И очень сильно пахло ладаном. Так сильно, что я начала чихать, не останавливаясь. Я чихала в платок, стараясь делать это потише, но в самом конце случился казус. Священник замолчал, смолкло и пение, повисла пауза, и в этой тишине я захотела зевнуть. И чихнула с открытым ртом так, что эхо улетело куда-то под свод, к ангелам, а потом звучало в ушах ещё несколько секунд. От стыда я выбралась из церкви, и остаток времени ждала снаружи, стараясь слиться с ландшафтом и стать невидимкой. Мне очень хотелось спрятаться. Хотелось, чтобы на меня не смотрели, не подходили ко мне и ничего не спрашивали. На меня и не смотрели почти. Отпевание кончилось, и толпа повали наружу.
Больше я маму не видела. Из церкви гроб вынесли уже закрытым, и больше его не открывали.

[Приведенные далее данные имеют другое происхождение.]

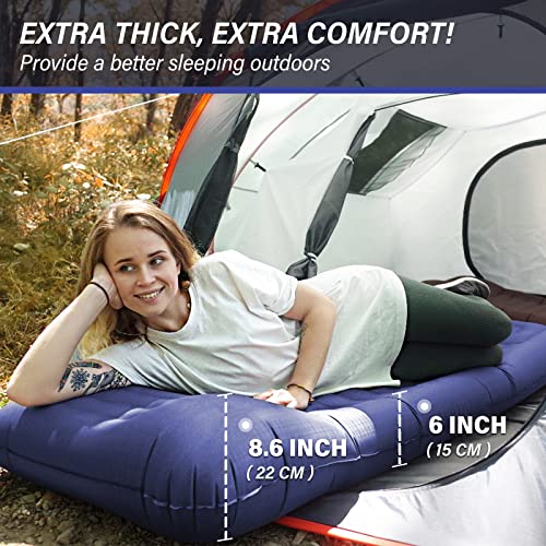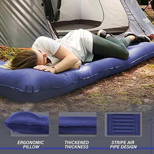 TOBTOS Inflatable Camping Sleeping Pad with Pillow, Thick 6 Inch Ultralight Sleeping Pad with Built-in Pump, Lightweight Sleeping Mat for Camping, Backpacking, Hiking, Tent (Blue)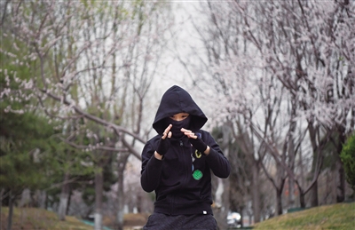 3月17日,顺顺放学后在家边的小公园进行训练。

Мы приехали на кладбище. Вопреки моим представлениям, здесь не было ни надгробий, похожих на памятники, ни замысловатых кованых оград, покрытых патиной, ни старых могил. Это было просто поле, огромное поле, окруженное со всех сторон деревьями. Поле, расчерченное на могилы. Зато тут было неожиданно грязно. Конечно, тут же свежие могилы копают. В земле. А я-то даже не подумала, выглянула в окно и увидела сухие тротуары, и легкомысленно надела новые ботинки.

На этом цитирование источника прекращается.